Give the listing back in full, exactly as written, with the pictures removed.

*** Data shown

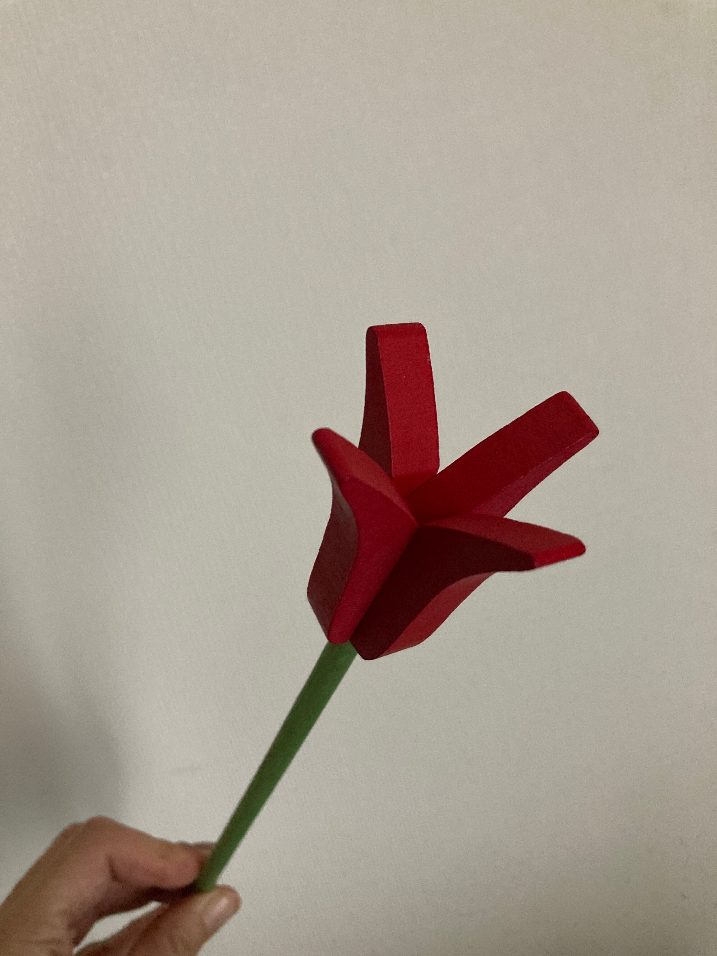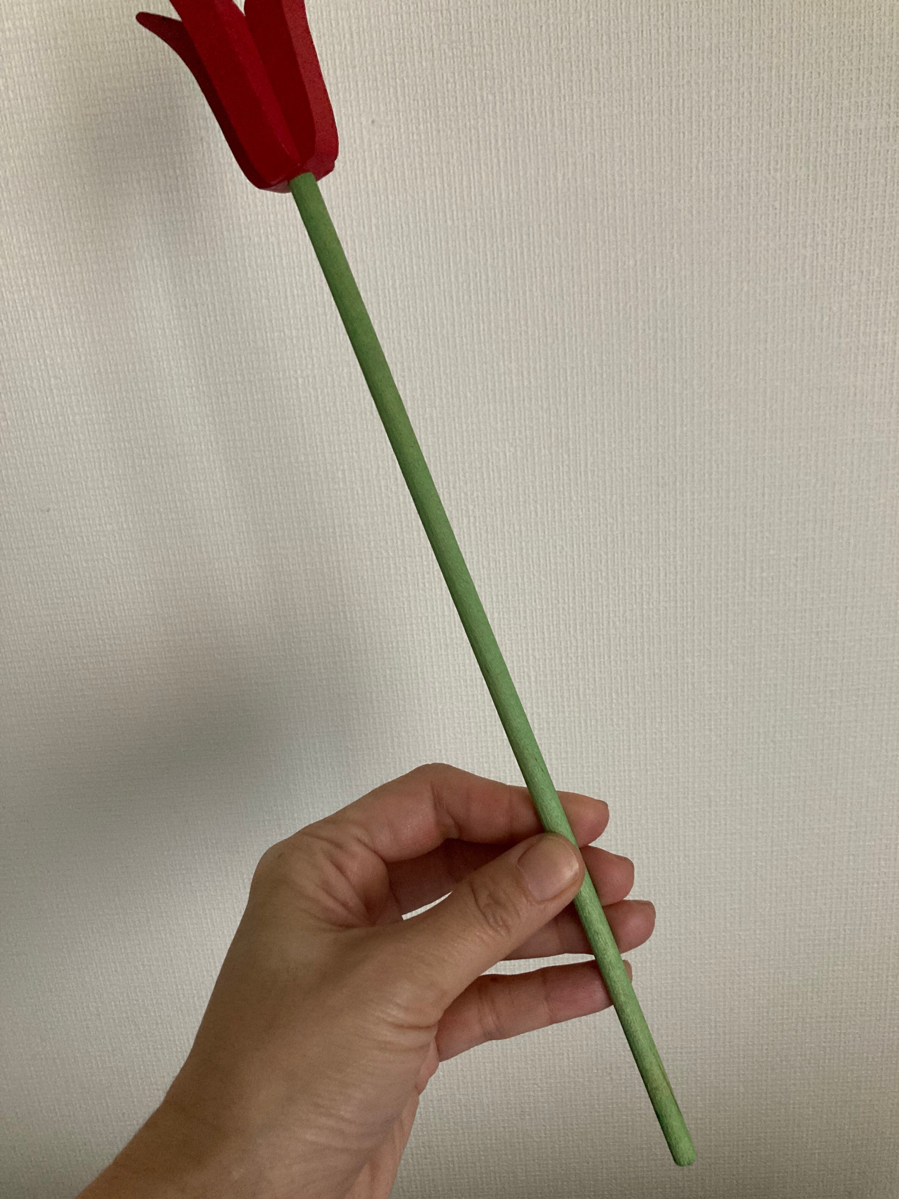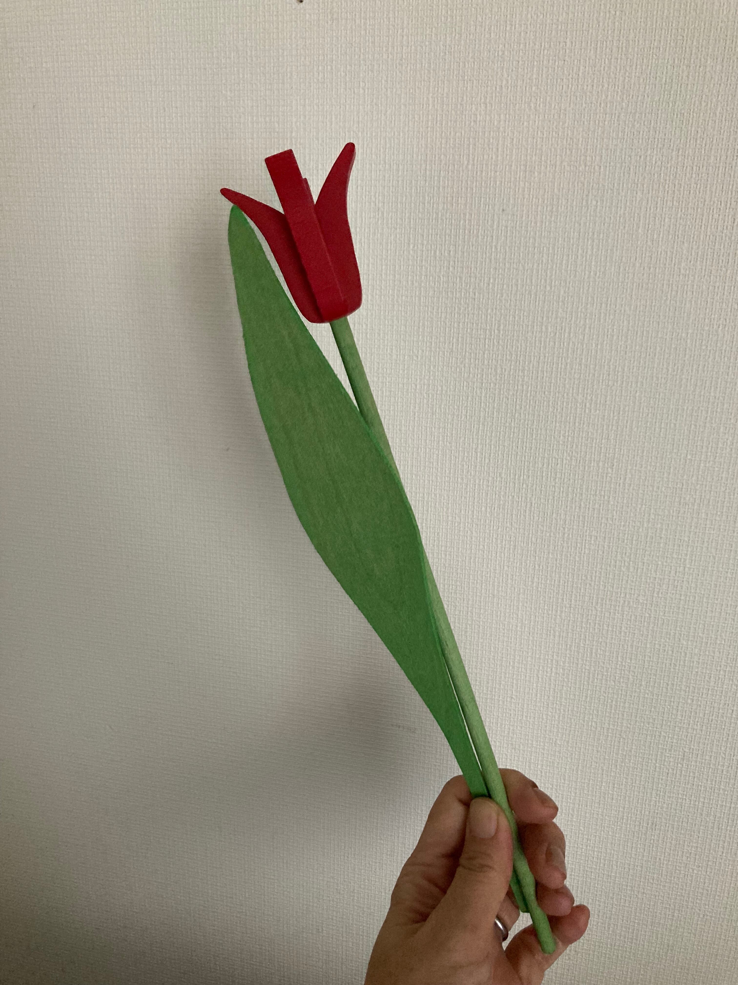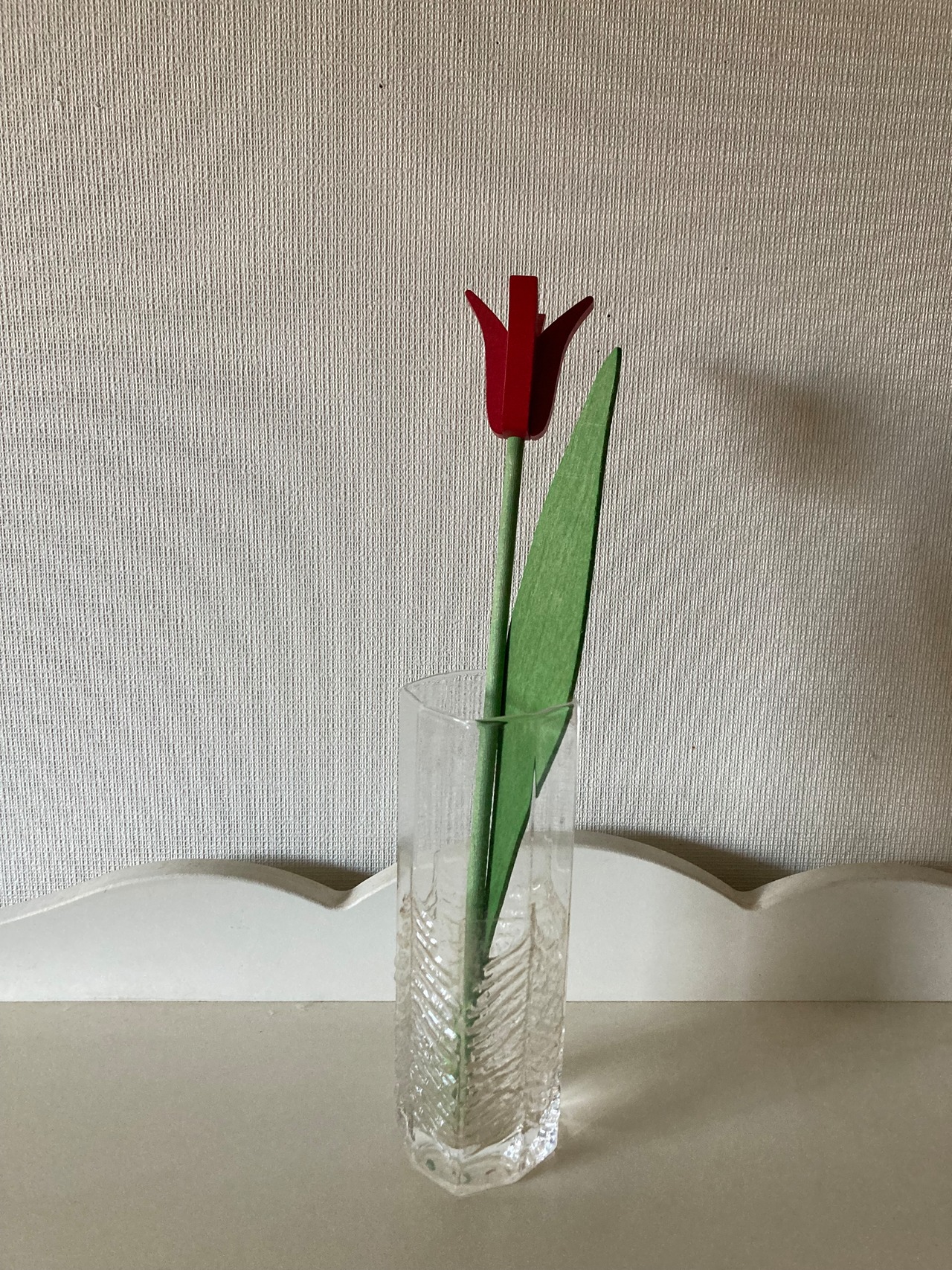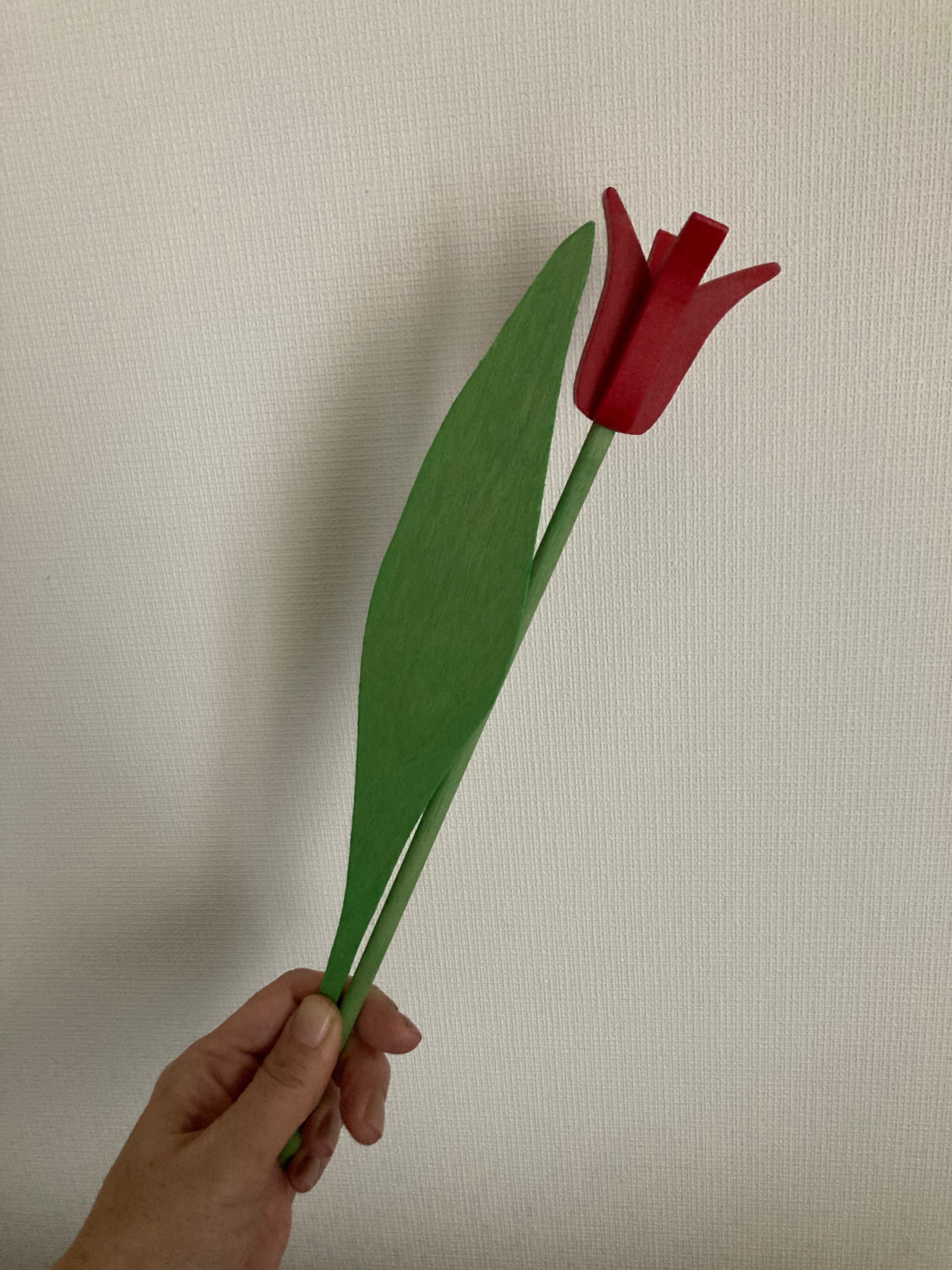 木製の葉っぱと茎のグリーンに、赤いチューリップが可愛らしいてす♫
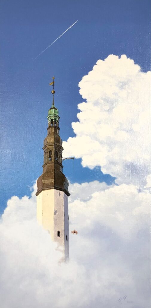 “Eile oli tornis sünnipäevapidu” – akrüülvärvid lõuendil, 90x110cm, 2024
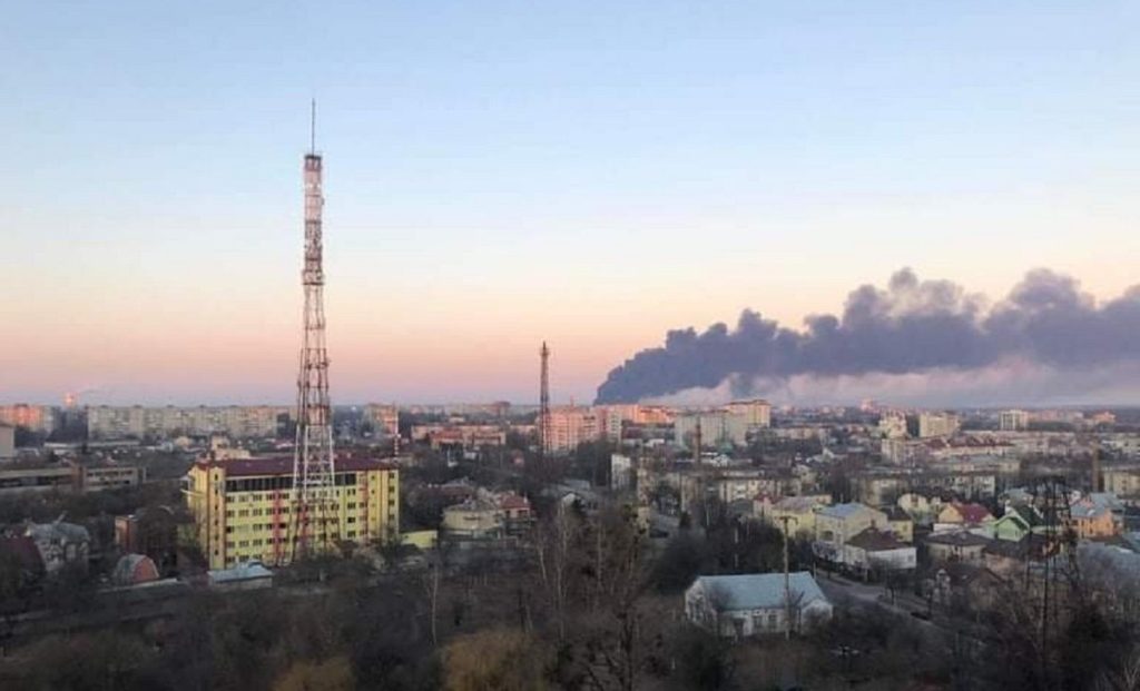 The airport hit in #Lviv The siren went off around 6am #RussiaUkraineWar #russianinvasion #StopRussia #ClosetheSkyoverUkraine pic.twitter.com/oXGBTaXer4
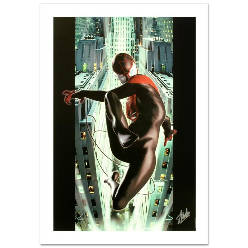 A piece of comic book history, this limited edition, from original art by Kaare Andrews, depicts Spider-Man swinging into action. Kaare Andrews is a Canadian comic book writer and artist and filmmaker known for his cover work on Incredible Hulk and many other comic books published by Marvel Comics. He was the first recipient of The Shuster Award for Outstanding Artist in 2005 for his work on Spider-Man: Doctor Octopus. He has also worked on Ultimate X-Men, Gen, The Amazing Spider-Man and The Matrix Comics. "Ultimate Spider-Man #2" is a limited edition giclee on canvas by Kaare Andrews presented by Marvel Comics, numbered and hand signed by the great Stan Lee! Includes Certificate of Authenticity! Measures approx. 18" x 27" (image).

******

Reply ->
 木製の葉っぱと茎のグリーンに、赤いチューリップが可愛らしいてす♫
 “Eile oli tornis sünnipäevapidu” – akrüülvärvid lõuendil, 90x110cm, 2024
 The airport hit in #Lviv The siren went off around 6am #RussiaUkraineWar #russianinvasion #StopRussia #ClosetheSkyoverUkraine pic.twitter.com/oXGBTaXer4
 A piece of comic book history, this limited edition, from original art by Kaare Andrews, depicts Spider-Man swinging into action. Kaare Andrews is a Canadian comic book writer and artist and filmmaker known for his cover work on Incredible Hulk and many other comic books published by Marvel Comics. He was the first recipient of The Shuster Award for Outstanding Artist in 2005 for his work on Spider-Man: Doctor Octopus. He has also worked on Ultimate X-Men, Gen, The Amazing Spider-Man and The Matrix Comics. "Ultimate Spider-Man #2" is a limited edition giclee on canvas by Kaare Andrews presented by Marvel Comics, numbered and hand signed by the great Stan Lee! Includes Certificate of Authenticity! Measures approx. 18" x 27" (image).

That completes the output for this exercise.